I thank Jayson Velez. I will learn from this experience.”


“I didn’t think he would last with me, but I was proven wrong. He needs a little more experience, but he’s going to be big. He moves well, and was able to keep up with me. He’s a great opponent, and we put on a great show. I’m proud of what we did here.

My advice is to TAKE YOUR TIME with this project Golden Boy.  He has plenty of talent and plenty of time to develop.  There are concerns because I believe the kid thinks he’s ready.  It potentially leads to the question when does the fighter become the decision maker?

To be frank, Ryan Garcia at the moment of this writing is a cross between a train wreck and a blue-chip star.  Sounds kinda like a description with no middle ground right?  Well, this is the life of a promoter and matchmaker of an Instagram and Twitter sensation.

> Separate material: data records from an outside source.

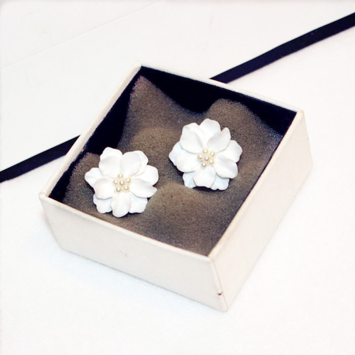 New South Korea delicately exaggerated white pearl flowers earrings female and American fashion temperament earbuds 925 silver ornaments
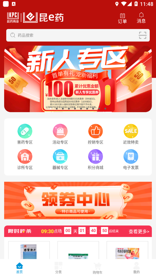 3、登录后,在首页可搜索药品,查看新人专区、领券中心等,参与限时秒杀。
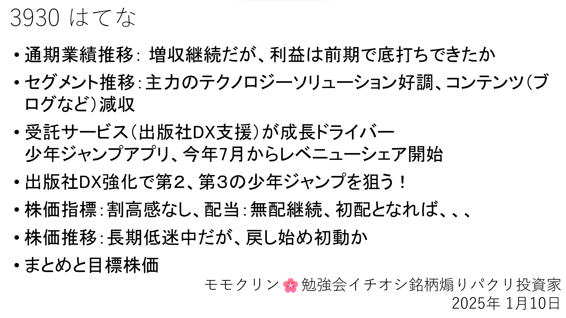 今年の2倍株銘柄で結構自信持って出した銘柄ですがHPから問合せしたのは、確か先週の頭だったかな?先程到着したが、問合せしたことさえ忘れてた回答当社は当期純利益を計上しておりますものの、未だ内部留保が充実しているとは言えない状況です。また、当社は10期以上連続で増収を続けており、引き続き成長過程にあると考えております。内部留保の充実を図り、企業体質の強化、事業の効率化と事業拡大のための投資等に充当し、なお一層の事業拡大を目指すことが、株主の皆さまに対する最大の利益還元に繋がると考えております。事業の拡大については、3期後の2027年7月期の売上高50億円、経常利益率10%を経営目標として- 1. 出版社DX支援への注力- 2. 新サービスのグロースとMackerelのプロダクト転換- 3. 技術開発投資による既存サービスの進化上記3本を柱に進めて参る計画です。所感内部留保がまだ充実してないの?→だったらどれだけになるのを目指しているのか?言ってくださいな増収継続というだけで成長過程の認識なの?→世の中ほとんどみんなになるよ結論要するに資本コストが意識されていないのかな?そういう自分も分かってないけど、、、これじゃこの会社の株主に対する姿勢が見えない、まだ投資はできないこのまま今年2倍になっても嬉しくないし

How will it end?  Will he be more Victor Ortiz than Zab Judah?  Or more Judah than Pete Whitaker?  You’ll have to stay tuned to find out!

In the co-feature Gary “Spike” O’Sullivan scored a third round stoppage win over undersized and overmatched Berlin Abreu.  O’Sullivan moved to 28-0, with 20 KOs.  Abreu dropped to 14-2 (11 KOs).  Abreu quit on his stool between rounds.


“He could punch, and caught me with a couple of good ones. I came to do my job, and that was get the win. This win doesn’t compare to what’s waiting for me – I’m waiting for my next big stage. Who knows? You might see me on the next major Mexican Holiday Weekend.”

I wonder why O’Sullivan is in the boxing business.  He had a lucrative fight where he would’ve been the main event at the same venue a day later.  He declined a shot at boxing’s version of Powerball and instead settled for peanuts.

O’Sullivan’s opportunity at top billing, win or lose, would’ve put him in line for additional paydays much better than the $20K he made Friday night.  Best wishes to him.  I hope the gamble pays off.

As far as the fight, Abregu shot his load in the first two rounds.  In the second, he opened up a little and tried to trade with Abregu.  By doing so, he absorbed punches in return from the much bigger O’Sullivan.  In the third round, O’Sullivan’s punches took their toll as a big shot drove Abregu into retreat mode.  Abreu spit his mouthpiece out to buy time.   The referee deducted a point and Abregu spent the fight in retreat mode.

Abregu, not in the best shape and absorbing punishment, called it a night.